SSD storage is essential to improve system response when working with Big Data, and it makes it possible to design intelligent hyerarchies for storage, which preclude having to keep all data in RAM.
Towards the corporate Logical Data Warehouse
Regardless of the technological solutions offered to make data cross-sectional, tools that provide value to the technology are still required. UDA makes it possible to integrate data from various sources -no matter if stored in different file systems, with or without structure- using Teradata Database 15 and EDW systems from the new 6750 series, or appliances containing Hortonworks or Aster Database systems. Nevertheless, in order to obtain value from data, a tool is required that makes it possible to process such data in a unique way, either from the user’s point of view, from the data scientist perspective or from the perspective of the corporate agent in charge of gathering information, making decisions, or both.
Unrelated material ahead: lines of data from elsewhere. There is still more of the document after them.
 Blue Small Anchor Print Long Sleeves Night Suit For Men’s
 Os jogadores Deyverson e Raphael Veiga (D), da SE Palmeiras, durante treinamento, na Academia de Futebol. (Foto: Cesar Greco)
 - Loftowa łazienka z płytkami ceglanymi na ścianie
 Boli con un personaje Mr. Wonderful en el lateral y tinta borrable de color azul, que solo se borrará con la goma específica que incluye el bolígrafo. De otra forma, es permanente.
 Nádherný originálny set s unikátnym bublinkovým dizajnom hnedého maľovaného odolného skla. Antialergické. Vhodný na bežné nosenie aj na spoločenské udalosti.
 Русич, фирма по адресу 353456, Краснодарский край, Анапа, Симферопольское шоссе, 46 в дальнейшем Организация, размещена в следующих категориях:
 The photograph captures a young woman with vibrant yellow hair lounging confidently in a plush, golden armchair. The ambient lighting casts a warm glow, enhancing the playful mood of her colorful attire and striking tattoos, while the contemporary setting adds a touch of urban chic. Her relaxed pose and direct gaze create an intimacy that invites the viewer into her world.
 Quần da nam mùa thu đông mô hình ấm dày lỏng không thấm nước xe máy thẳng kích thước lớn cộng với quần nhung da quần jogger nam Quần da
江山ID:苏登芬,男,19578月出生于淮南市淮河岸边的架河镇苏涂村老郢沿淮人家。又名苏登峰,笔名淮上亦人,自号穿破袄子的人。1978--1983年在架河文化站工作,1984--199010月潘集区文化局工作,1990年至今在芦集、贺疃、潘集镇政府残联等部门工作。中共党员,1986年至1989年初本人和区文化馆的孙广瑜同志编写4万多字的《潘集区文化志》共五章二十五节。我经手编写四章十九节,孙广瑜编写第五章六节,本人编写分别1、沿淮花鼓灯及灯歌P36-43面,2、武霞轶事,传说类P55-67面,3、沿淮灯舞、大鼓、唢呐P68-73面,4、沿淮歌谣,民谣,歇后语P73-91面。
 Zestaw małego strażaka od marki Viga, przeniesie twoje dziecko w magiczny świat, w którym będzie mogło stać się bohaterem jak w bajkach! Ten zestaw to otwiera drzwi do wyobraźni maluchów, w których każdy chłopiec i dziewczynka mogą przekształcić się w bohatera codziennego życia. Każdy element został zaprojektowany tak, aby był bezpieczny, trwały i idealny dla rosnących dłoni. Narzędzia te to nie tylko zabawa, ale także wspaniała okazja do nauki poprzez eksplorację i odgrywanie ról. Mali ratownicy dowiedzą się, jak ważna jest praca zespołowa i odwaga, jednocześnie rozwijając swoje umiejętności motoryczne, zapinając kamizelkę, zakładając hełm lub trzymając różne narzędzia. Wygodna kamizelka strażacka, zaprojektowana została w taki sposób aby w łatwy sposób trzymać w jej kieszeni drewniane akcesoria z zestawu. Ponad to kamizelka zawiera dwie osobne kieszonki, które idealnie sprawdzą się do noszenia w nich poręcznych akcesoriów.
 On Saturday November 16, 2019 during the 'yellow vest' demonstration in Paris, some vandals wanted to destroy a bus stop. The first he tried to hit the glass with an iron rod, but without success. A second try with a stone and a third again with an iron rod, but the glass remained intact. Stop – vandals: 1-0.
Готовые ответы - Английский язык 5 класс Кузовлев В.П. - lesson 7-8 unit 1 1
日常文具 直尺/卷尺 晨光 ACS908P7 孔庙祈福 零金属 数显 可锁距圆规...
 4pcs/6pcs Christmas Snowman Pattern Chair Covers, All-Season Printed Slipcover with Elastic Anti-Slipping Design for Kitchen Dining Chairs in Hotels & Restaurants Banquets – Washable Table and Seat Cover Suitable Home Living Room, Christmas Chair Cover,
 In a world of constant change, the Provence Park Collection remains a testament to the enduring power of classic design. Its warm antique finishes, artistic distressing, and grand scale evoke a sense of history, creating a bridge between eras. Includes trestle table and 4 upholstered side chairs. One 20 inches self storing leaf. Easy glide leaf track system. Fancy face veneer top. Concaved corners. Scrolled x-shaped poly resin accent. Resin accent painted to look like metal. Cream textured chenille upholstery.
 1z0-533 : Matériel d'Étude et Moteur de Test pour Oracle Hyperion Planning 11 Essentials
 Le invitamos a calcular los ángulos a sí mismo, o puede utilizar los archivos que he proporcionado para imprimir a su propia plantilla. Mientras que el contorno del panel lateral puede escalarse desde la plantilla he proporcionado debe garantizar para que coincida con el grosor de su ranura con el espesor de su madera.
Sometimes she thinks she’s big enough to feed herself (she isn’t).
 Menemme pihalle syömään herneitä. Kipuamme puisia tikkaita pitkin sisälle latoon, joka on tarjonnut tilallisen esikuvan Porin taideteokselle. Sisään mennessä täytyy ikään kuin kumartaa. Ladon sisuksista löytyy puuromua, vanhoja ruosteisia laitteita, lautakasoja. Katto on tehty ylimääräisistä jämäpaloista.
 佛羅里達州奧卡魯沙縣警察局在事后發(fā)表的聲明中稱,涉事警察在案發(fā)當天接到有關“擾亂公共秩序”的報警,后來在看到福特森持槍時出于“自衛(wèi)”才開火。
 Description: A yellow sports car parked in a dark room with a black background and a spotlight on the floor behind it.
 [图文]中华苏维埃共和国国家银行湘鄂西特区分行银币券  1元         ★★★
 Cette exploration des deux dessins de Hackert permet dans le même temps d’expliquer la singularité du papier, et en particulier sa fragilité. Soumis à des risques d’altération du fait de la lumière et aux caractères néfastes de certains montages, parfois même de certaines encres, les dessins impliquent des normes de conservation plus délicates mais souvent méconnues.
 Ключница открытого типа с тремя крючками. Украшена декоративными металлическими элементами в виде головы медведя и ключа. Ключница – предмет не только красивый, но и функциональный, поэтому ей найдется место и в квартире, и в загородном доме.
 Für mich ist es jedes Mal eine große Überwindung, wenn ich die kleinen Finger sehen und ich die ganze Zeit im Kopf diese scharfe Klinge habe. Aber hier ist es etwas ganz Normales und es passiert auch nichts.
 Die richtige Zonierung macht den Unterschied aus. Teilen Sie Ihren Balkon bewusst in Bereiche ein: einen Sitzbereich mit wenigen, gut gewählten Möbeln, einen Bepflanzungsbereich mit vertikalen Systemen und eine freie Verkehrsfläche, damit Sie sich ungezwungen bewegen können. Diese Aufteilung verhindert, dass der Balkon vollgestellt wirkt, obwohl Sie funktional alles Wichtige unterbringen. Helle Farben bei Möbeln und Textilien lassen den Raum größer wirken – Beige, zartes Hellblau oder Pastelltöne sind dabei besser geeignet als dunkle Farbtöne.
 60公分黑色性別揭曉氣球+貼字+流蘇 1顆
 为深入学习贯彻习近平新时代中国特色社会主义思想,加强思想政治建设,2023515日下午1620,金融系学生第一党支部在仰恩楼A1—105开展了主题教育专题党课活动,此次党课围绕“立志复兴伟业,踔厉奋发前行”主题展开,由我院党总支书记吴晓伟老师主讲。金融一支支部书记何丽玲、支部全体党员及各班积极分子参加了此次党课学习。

QueryGrid is the answer to these needs. It will be available from the third trimestre of 2014 onwards, but it has already been one of the most relevant subjects in Teradata announcements for the next months.
Teradata Database 15
Not only SQL
Teradata Database 15 has been another leading subject in these months. The company’s benchmark database system caters for trends in the sector and adds all the elements and features required by companies working with data. Data are the new currency, as stated Hermann Wimmer, president of Teradata, in his presentation in the event that took place in Prague last April. Teradata 15 offers the required tools to manage data sources from different origins, as well as to manage several programming languages and make the use of algorithms for the optimization of data analysis-related tasks more flexible. Its compatibility with JSON opens the door for applications in the Internet of Things, and multi-structured data, as well as structured data, may be managed.
Teradata Active EDW 6750
Silicon hosting intelligence
Teradata is determined to offer its data analysis solutions as a set of software and hardware that are optimized to function fast and efficiently. Teradata engineering solutions focus on dimensioning storage and memory systems in order to offer realistic solutions; one example of that would be smart memory management based on metrics such as data temperature. Such a holistic approach implies a substantial initial investment for companies, but it allows them to avoid the integration and optimization processes that should be performed internally if the hardware and software were bought independently. Some trends, such as “cloud” or making hardware less expensive should not be overlooked by Teradata, but right now systems such as Active EDW 6750 are appropriate for the introduction of data analysis in big companies.
The EDW 6750 is scalable depending on the company needs, and its equipment includes the most recent technologies in Intel Xeon processors, RAM memory or solid state storage, hybrid state storage or conventional state storage dimensioned as required.